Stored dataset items
....

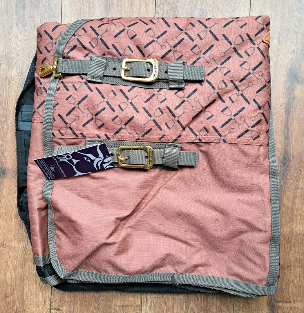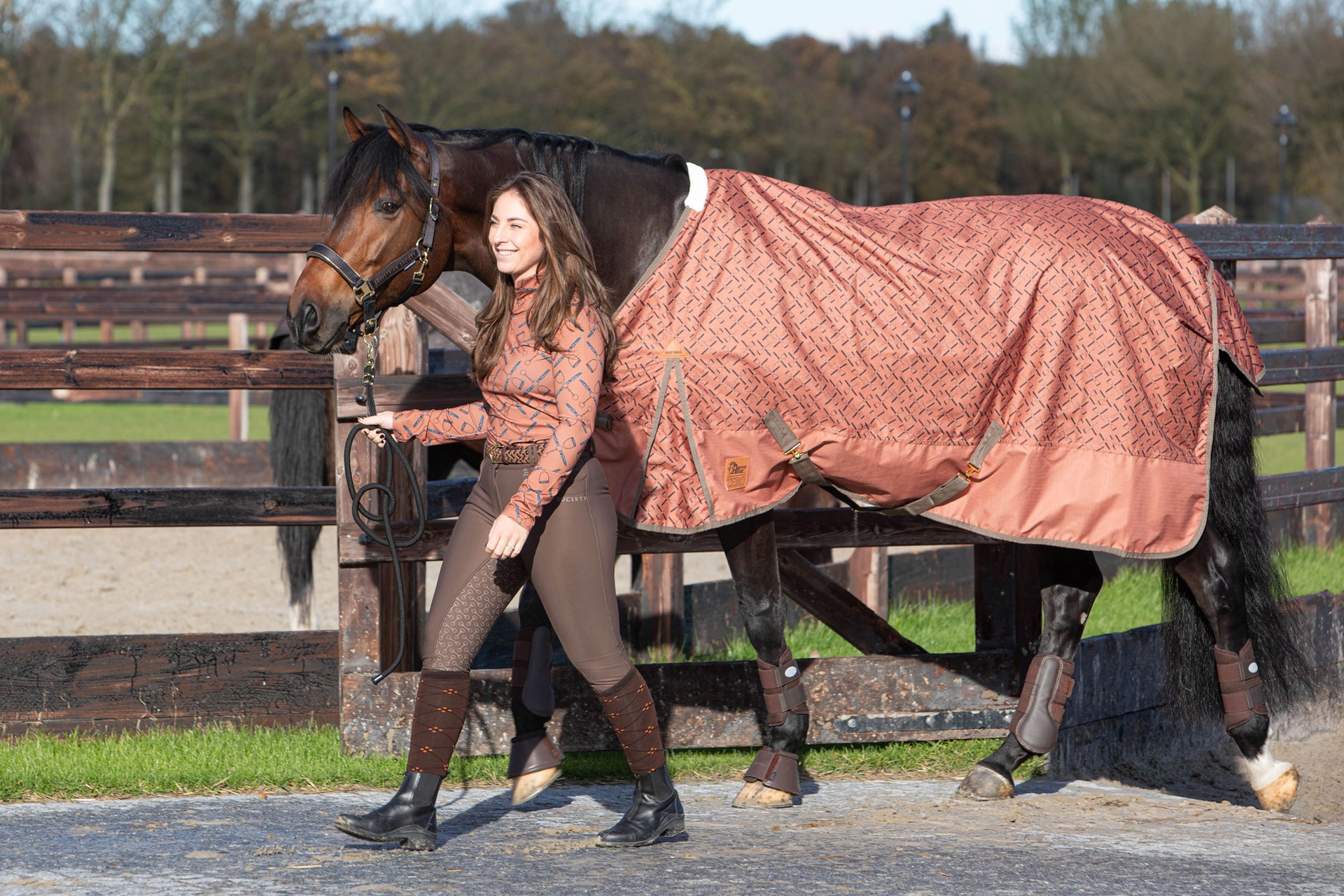Waterdichte en ademende outdoordeken met een fleece voering, naadloos op de rug en zonder vulling. Voorzien van een dubbele snelsluiting aan de voorzijde, staartflap, polyester voering op de borst tegen schuren, kruissingels, getapete naden en afneembare elastische bilkoorden.
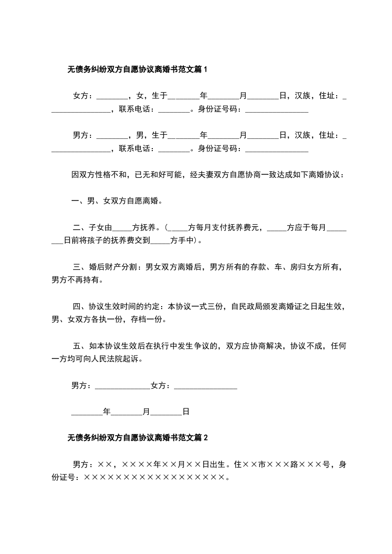 无债务纠纷双方自愿协议离婚书参考样板篇2
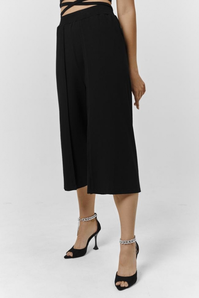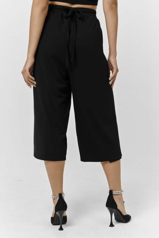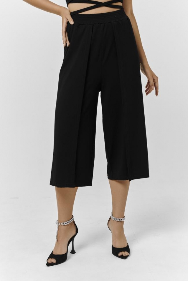 Брюки женские свободные, короткие, без боковых швов, до середины икры.
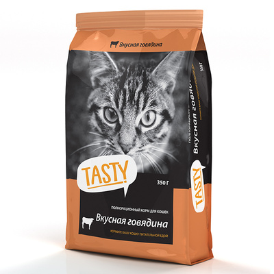 Вкусная говядина (TASTY) – это сухой повседневный полнорационный корм для взрослых кошек.
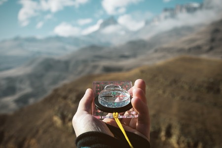 Holding compass to find the way
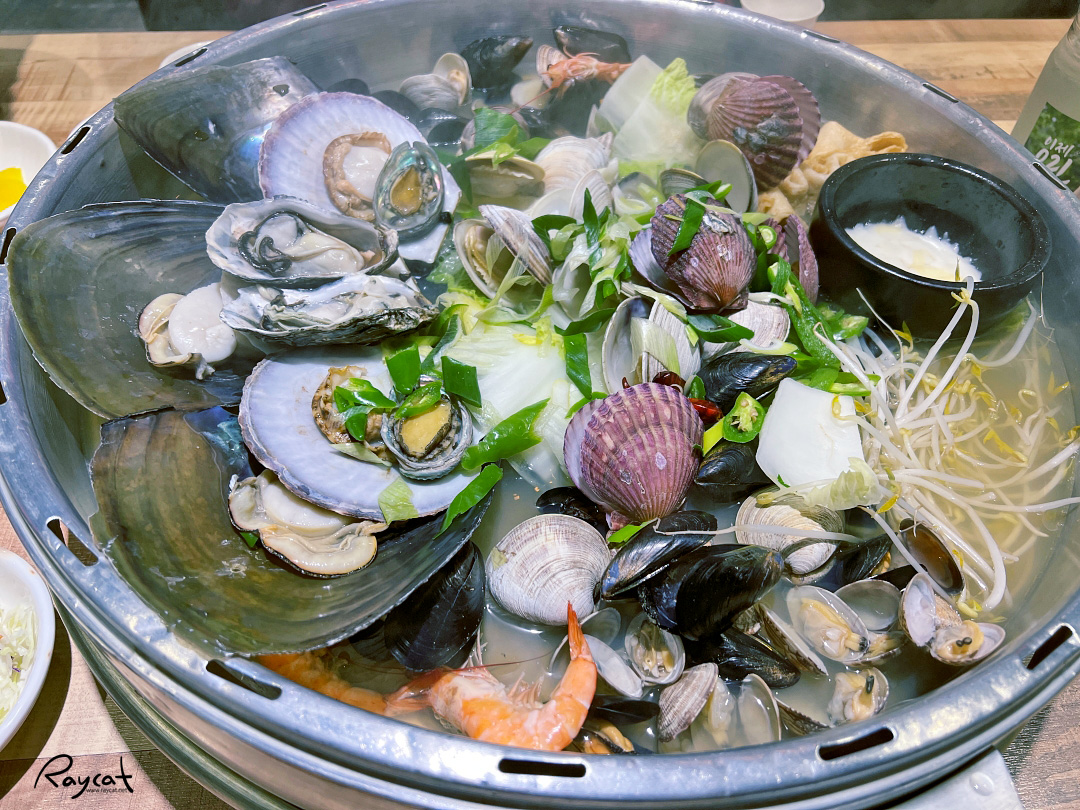 뜨거운 국물에 조개와 함께 종류별로 다양한 해산물 그리고 가볍게 한잔 하기도 참 좋은 메뉴죠.
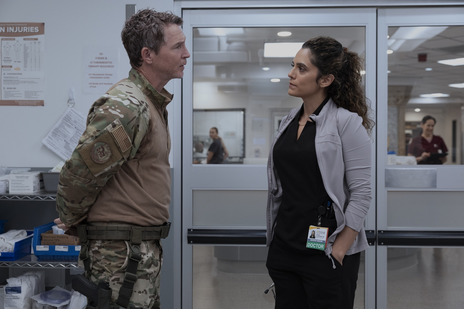 - Linking this idea of Santos and Javadi having good bedside manner is the moment where the two briefly cross paths in the bathroom. I love that the show takes the time to show that the relentless nature of the job means basic needs fall by the wayside. But the big reveal here of Santos's cutting scars is so devastating. Sure, this feels like it could be the sort of bullshit "does this count?" character work that CSI would do, leaving empty cyphers into which the viewer can pour their reads on the characters. But that's not how The Pitt operates. I hope that Santos is okay and whatever haunted her before isn't still doing it now.

....

No pictures go in the copy. Retype exactly the lines from the one with "뜨거운 국물에 조개와" through the last line of the entries above, both included, and nothing more.

 뜨거운 국물에 조개와 함께 종류별로 다양한 해산물 그리고 가볍게 한잔 하기도 참 좋은 메뉴죠.
 - Linking this idea of Santos and Javadi having good bedside manner is the moment where the two briefly cross paths in the bathroom. I love that the show takes the time to show that the relentless nature of the job means basic needs fall by the wayside. But the big reveal here of Santos's cutting scars is so devastating. Sure, this feels like it could be the sort of bullshit "does this count?" character work that CSI would do, leaving empty cyphers into which the viewer can pour their reads on the characters. But that's not how The Pitt operates. I hope that Santos is okay and whatever haunted her before isn't still doing it now.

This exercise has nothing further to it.